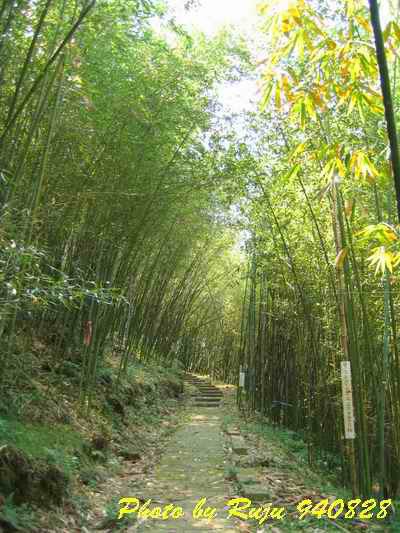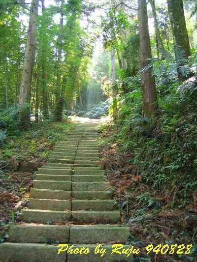 停好車,發現路旁有指示牌,準備妥當就出發了,沿途還問了個當地的婦人,告知較確切的路徑,終於找著了入口,可是天啊!竟然是台階,看到台階心裡冷一半,我最討厭爬台階,累死人喔!(要爬台階,在家爬樓梯還不是一樣?)等看清楚介紹有1千8百多階,差點"烏暗眠"(台語)。![]()
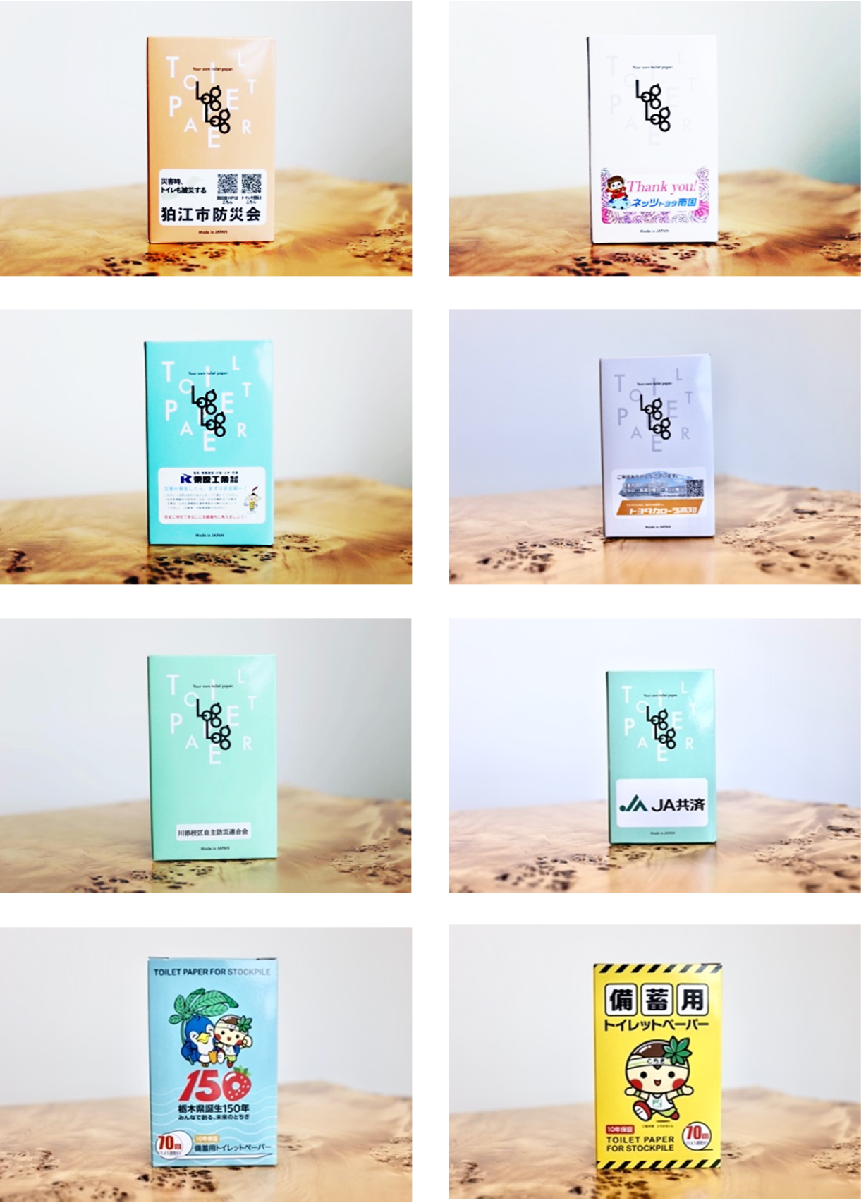 LogLogは2022年10月に発売して以降、既に多くの自治体・企業へ納品しています。使用用途として、備蓄用はもちろん、防災の日(9月1日)に合わせた自治体の防災イベントノベルティ、一般企業においては、ご来店の御礼ノベルティや年始挨拶回り用の粗品等、さまざまです。LogLog既製箱のままでの納品はもちろん、添付画像のようにオリジナルラベルシールを貼付し企業名・自治体名を名入れすることが可能です。またオリジナルBOXとして、5面(天面側面)にフルオリジナルデザイン仕様とすることもできます。
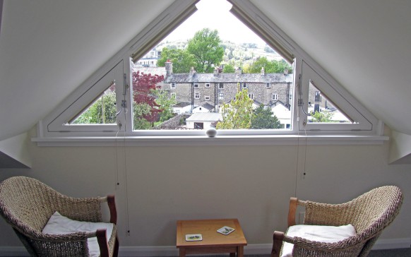 Downstairs is a dining room, lounge with wood burner and kitchen diner. Upstairs are three bedrooms (2 double/1 single) and a bathroom. The third large attic bedroom includes a nice picture window with views across the town and into the fells. (Please note the double in the loft room has a low bed under the eaves).

### Exercise
Omit the pictures and write out the lines above from the one with "LogLogは2022年10" through the last, unchanged.

### Written reply
 LogLogは2022年10月に発売して以降、既に多くの自治体・企業へ納品しています。使用用途として、備蓄用はもちろん、防災の日(9月1日)に合わせた自治体の防災イベントノベルティ、一般企業においては、ご来店の御礼ノベルティや年始挨拶回り用の粗品等、さまざまです。LogLog既製箱のままでの納品はもちろん、添付画像のようにオリジナルラベルシールを貼付し企業名・自治体名を名入れすることが可能です。またオリジナルBOXとして、5面(天面側面)にフルオリジナルデザイン仕様とすることもできます。
 Downstairs is a dining room, lounge with wood burner and kitchen diner. Upstairs are three bedrooms (2 double/1 single) and a bathroom. The third large attic bedroom includes a nice picture window with views across the town and into the fells. (Please note the double in the loft room has a low bed under the eaves).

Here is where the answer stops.